Dans cet accord, les sociaux-démocrates ont fait des concessions importantes et ont accepté, entre autres, une baisse des impôts pour les hauts revenus, une réduction de la sécurité de l’emploi pour les travailleurs·euses et l’introduction de loyers contrôlés par le privé. Le gouvernement social-­démocrate a également mis en œuvre une série de mesures visant à réduire l’immigration et à abaisser la politique suédoise en matière d’accueil au niveau minimum de l’UE. La surveillance des frontières a été renforcée, le regroupement familial a été rendu plus difficile et les réfugié·e·s ne pourront plus compter sur des permis de séjour permanents. 

Au cours de la campagne électorale de cette année, la tactique des sociaux-démocrates a essentiellement consisté à adapter leur programme à celui de la droite. Des questions telles que la crise climatique ou la défense de l’État-­providence face aux assaut des intérêts privés, qui faisaient officiellement partie du programme électoral des sociaux-démocrates, ont joué un rôle secondaire, si tant est qu’elles aient été évoquées. 

Les sociaux-démocrates ont plutôt essayé de surenchérir la droite en demandant des peines plus sévères – le fait que le gouvernement ait présenté quelque 70 lois dans ce sens a été constamment répété. De même, le lien entre criminalité et immigration a été martelé. Une législation spéciale a été proposée pour les personnes « non nordiques » et la première ministre a évoqué avec condescendance des « Somalitowns ». Le redéveloppement de l’énergie nucléaire a également été accepté. 

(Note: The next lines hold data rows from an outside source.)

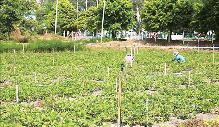
အဝါရောင်မှိုစေ့ရောဂါဒဏ် ခံနိုင်ရည်ရှိသော ပဲတီစိမ်းမျိုးလိုင်း စိုက်ခင်းကို တွေ့ရစဉ်။

သုတေသနဌာနခွဲ ပဲမျိုးစုံသီးနှံ သုတေ သန ဌာနစုမှ သုတေသနပညာရှင် များသည် ပဲတီစိမ်း၊ မတ်ပဲ၊ ကုလားပဲ၊ ပဲစင်းငုံ၊ ပဲပုပ်နှင့် ပဲလွန်းအပါအဝင် ပဲမျိုးစုံသီးနှံများကို ရေ၊ မြေ၊ ရာသီဥတု ကွဲပြားခြားနားသော ဒေသအသီးသီး နှင့် သင့်တော်သော အထွက်ကောင်း မျိုးများ ရှာဖွေဖော်ထုတ်ခြင်း၊ ဈေးကွက်နှင့် ကိုက်ညီသော မျိုးများ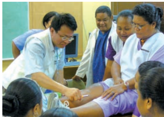
▲行動醫療團的派遣不僅提供診療服務，更透過臨床示範教學訓練當地醫護人員，積極提升友邦之醫療水準

另外，針對具有發展潛力並值得長期培訓之醫事人員，本會另提供碩、博士課程獎助學金，與國立陽明大學、國立台北護理學院、高雄醫學大學合作開設「國際公共衛生學程碩博士班」、「國際護理碩士班」及「臨床醫學碩士班」，協助培訓高等醫療專業人才。這些專業能力獲得提升的醫療人員，也將在學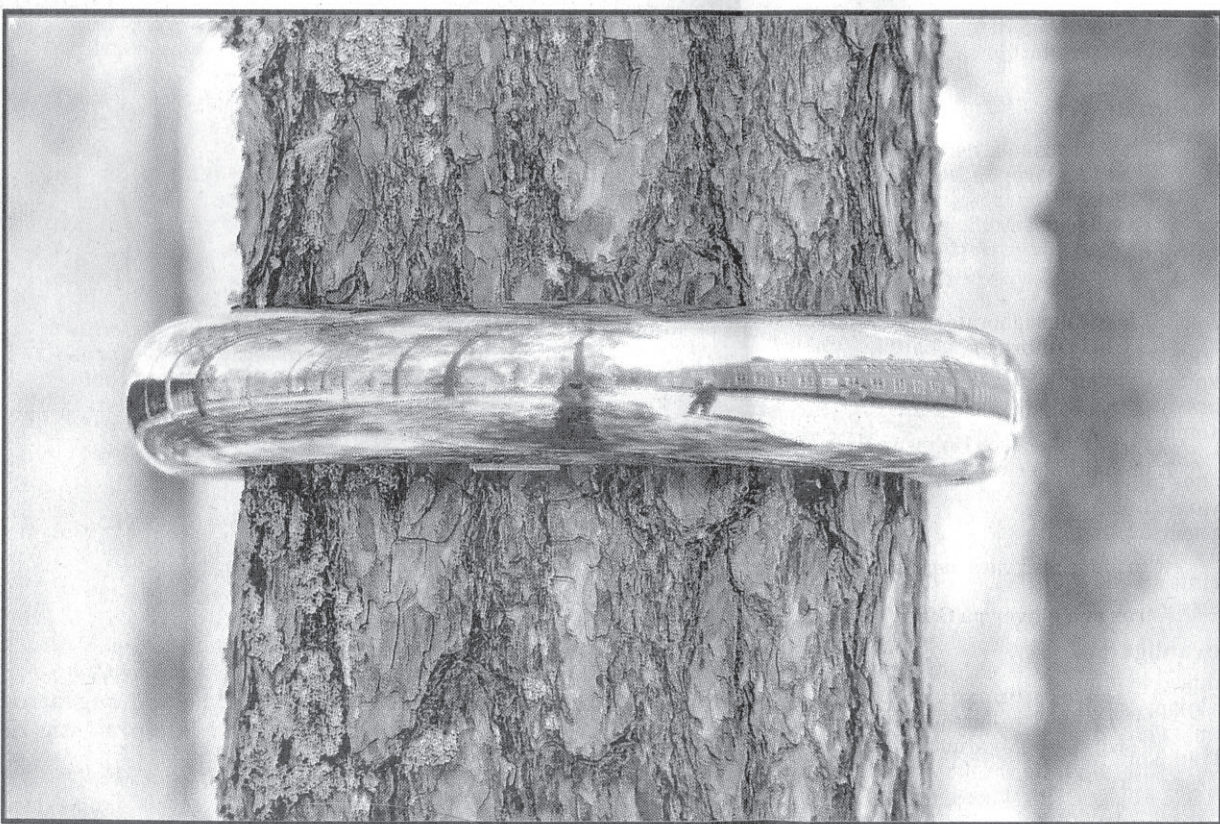
Alliansring av Anna Renström.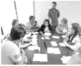
CAMBIO | ESPECIAL

Los resultados podrán chequearse en el sitio web www.imced.edu.mx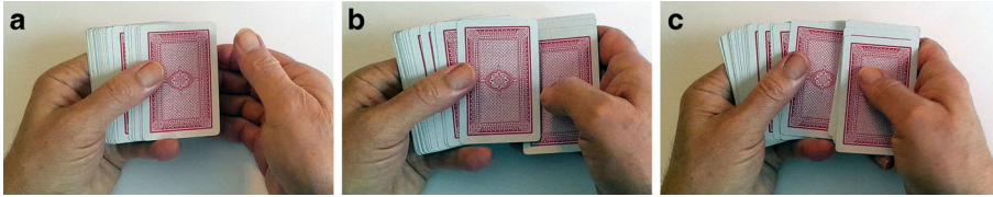
Abb. 2 a Bild 4, b Bild 5, c Bild 6

Man könnte auch noch auf das falsche Abheben hinweisen: Ein zufällig aussehendes Verfahren, bei dem der Stapel in der ursprünglichen Reihenfolge bleibt. Einzelheiten findet man im Internet.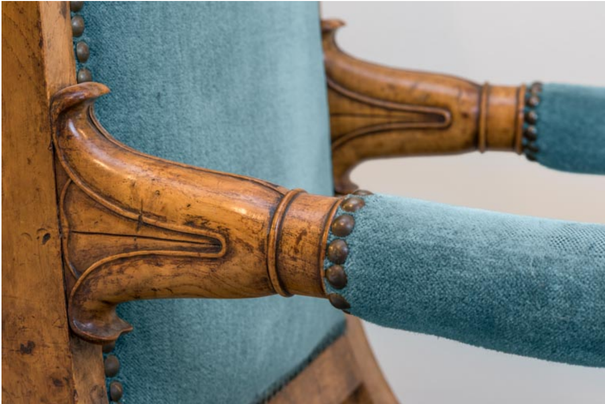
Fauteuil rembourré à dossier plat garni : décor des accotoirs.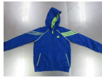
アディダスのブルゾン 坂里公園のベンチにありました

心当たりのある方は、交流館の窓口にある「落とし物・忘れ物BOX」を確認してください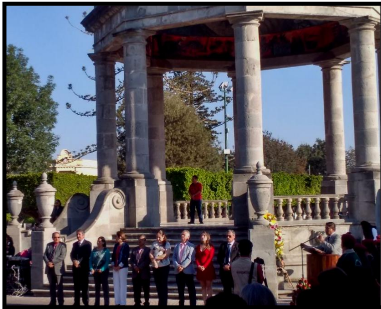
21 de Marzo de 2018, 212° aniversario del Natalicio de Don Benito Juárez García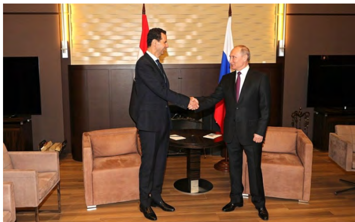
Владимир Путин и Башар Аль Асад в ходе встречи в г. Сочи

сирийская армия добилась в своей борьбе против террора, и перехода к более активной стадии в политическом процессе, Россия и Сирия будут действовать, исходя из предположения, что "иностранное вооруженные формирования отступят с территории Сирийской Арабской Республики" (сайт Кремля на английском языке, 17 мая 2018 г.) 2 .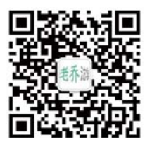
扫码关注“老乔游记”微信订阅号

接下来,齐鲁晚报旅游工作室仍将不定期组织研学游、周末游、亲子游等活动,请您关注。通过订阅“老乔游记”微信公众号,可获取更多及时信息。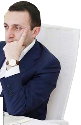
„ახლა ლარიბაშვილი ძალიან ფრთხილად უნდა იყოს, რათა სააკაშვილმა რაიმე შარში არ გახვიოს. რა თქმა უნდა, ის არ შეხედება, მაგრამ მაინც სიფრთხილად საჭირო“

ირაკლი აღასანიას რეიტინგს ისე წნებს მალა, ირაკლი ლარიბაშვილს ასწრებს. ამას მოსდევს ამერიკის ელჩის, რიჩარდ ნორანდის განცხადება, თურმე მისი აზრით, საქართველოში ყოველ წუთს არის მოსალოდნელი კრიზისი. მიუხედავად იმისა, რომ „ნაციონალური მოძრაობა“ ქართველი ხალხის დიდ ნაწილს სძულს, გარე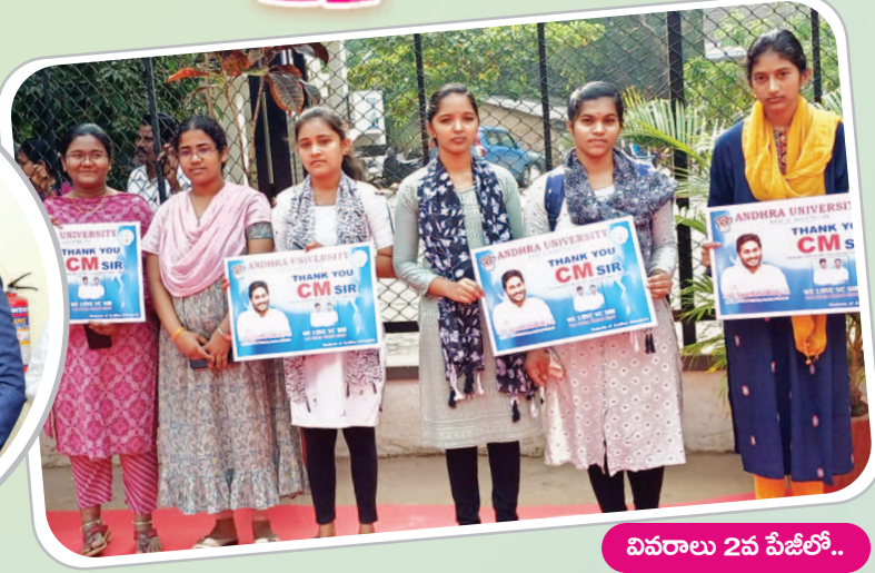
వివరాలు 2వ పేజీలో..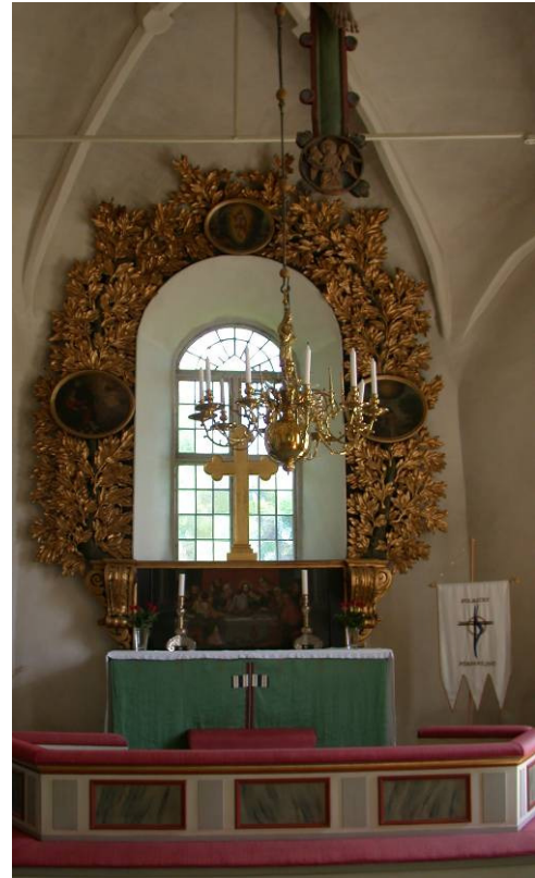
Kyrkorummet renoverades senaste gångerna etappvis, 1983 och 1985

Kyrkorummet är täckt med fyra stjärnvalv, kalkade i en svagt gulbruten nyans. Dekorationsmåleriet begränsar sig till ett invigningskors i koret. Golven i mittgång och bänkkvarter är belagda med lackade bräder. Bänkarna från 1887 stod från början i öppna rader, men vid omgestaltning 1940 fick de fasader tillverkade med bevarade bänkskärmar från 1752 som förlaga. Skärmarna är ljusgrå, har mörkare grå överliggare, röda listverk och marmorerade fyllningar. Längst fram sitter snidade, förgyllda barockdekorationer på hörnpilastrar. Predikstolen vid främre norra valvpelaren i barockstil är åttasidig, prydd med snidade, förgyllda akantusblad.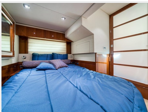
Master Stateroom 2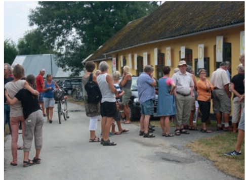
Omø Kulturdage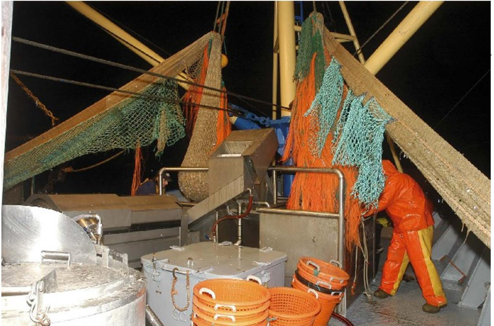
De garnaalvisser N86 'Surcouf' haalt de netten binnen voor de Nieuwpoortse kust.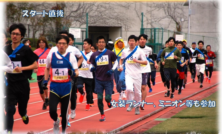
女装ランナー、ミニオン等も参加

La capitulation la plus notable a cependant été la décision d’abandonner 200 ans de politique officielle de neutralité suédoise et de soutenir une adhésion de la Suède à l’OTAN. La position initiale des sociaux-démocrates après le 24 février était qu’une adhésion suédoise à l’OTAN contribuerait à déstabiliser davantage la situation politique en matière de sécurité en Europe du Nord. Cependant, la direction du parti a choisi de céder à la pression intense des partis de droite – sans laisser les membres du parti prendre position. La raison principale de ce revirement rapide était de ne pas laisser la question devenir un thème de la campagne électorale. Ils·elles y sont parvenu·e·s. 

Nooshi Dadgostar
Nooshi Dadgostar, leader du Parti de gauche, en campagne.

Intégration

Les sociaux-démocrates ont obtenu leur deuxième plus mauvais résultat en 111 ans, malgré une augmentation des voix de 28,3 à 30,4 %, et ont donc perdu le pouvoir gouvernemental. L’augmentation du vote social-démocrate peut s’expliquer par un glissement vers la droite au sein du bloc de gauche également. 

Le Parti de gauche a obtenu un résultat médiocre, passant de 8 à 6,7 %. La direction du parti a fait une campagne d’inspiration étasunienne autour de la leader du parti Nooshi Dadgostar tout en essayant de se présenter comme les nouvelleaux sociaux-démocrates. L’un des leurs objectifs était de tenter de reconquérir les « travailleurs·euses des villages » attiré·e·s par les Démocrates de Suède. Le Parti de gauche a ainsi minimisé les questions qu’il pensait peu populaires auprès de cet électorat, comme, par exemple, l’OTAN ou changer de mode de vie pour sauver le climat. 

Le parti a également soutenu une proposition des partis bourgeois pour une forte réduction du prix de l’essence. En outre, ils·elles ont exigé d’entrer dans un éventuel gouvernement rouge-vert qui inclurait également le néolibéral Parti du centre. En conséquence, le Parti de gauche a perdu des voix, en particulier parmi les travailleurs·euses qu’il a essayé d’atteindre – tandis que les Démocrates de Suède ont poursuivi leur ascension dans cet électorat. 

Le Parti de gauche et les sociaux-­démocrates se sont bien maintenu·e·s dans les grandes villes. La Suède rappelle ainsi de nombreux autres pays européens avec des grandes villes rouges et une campagne bleue – ou brune-bleue.

Il est clair que les forces qui offrent aujourd’hui une résistance à la vague de droite se trouvent parmi les mouvements qui luttent contre la crise climatique, le racisme, le sexisme et l’austérité sociale. Certains syndicats se sont également radicalisés, surtout dans les secteurs de la protection sociale et des services publics. Aujourd’hui, la gauche a une tâche énorme pour construire une large contre-offensive avec ces forces, centrée sur la crise climatique et la défense de l’État-providence.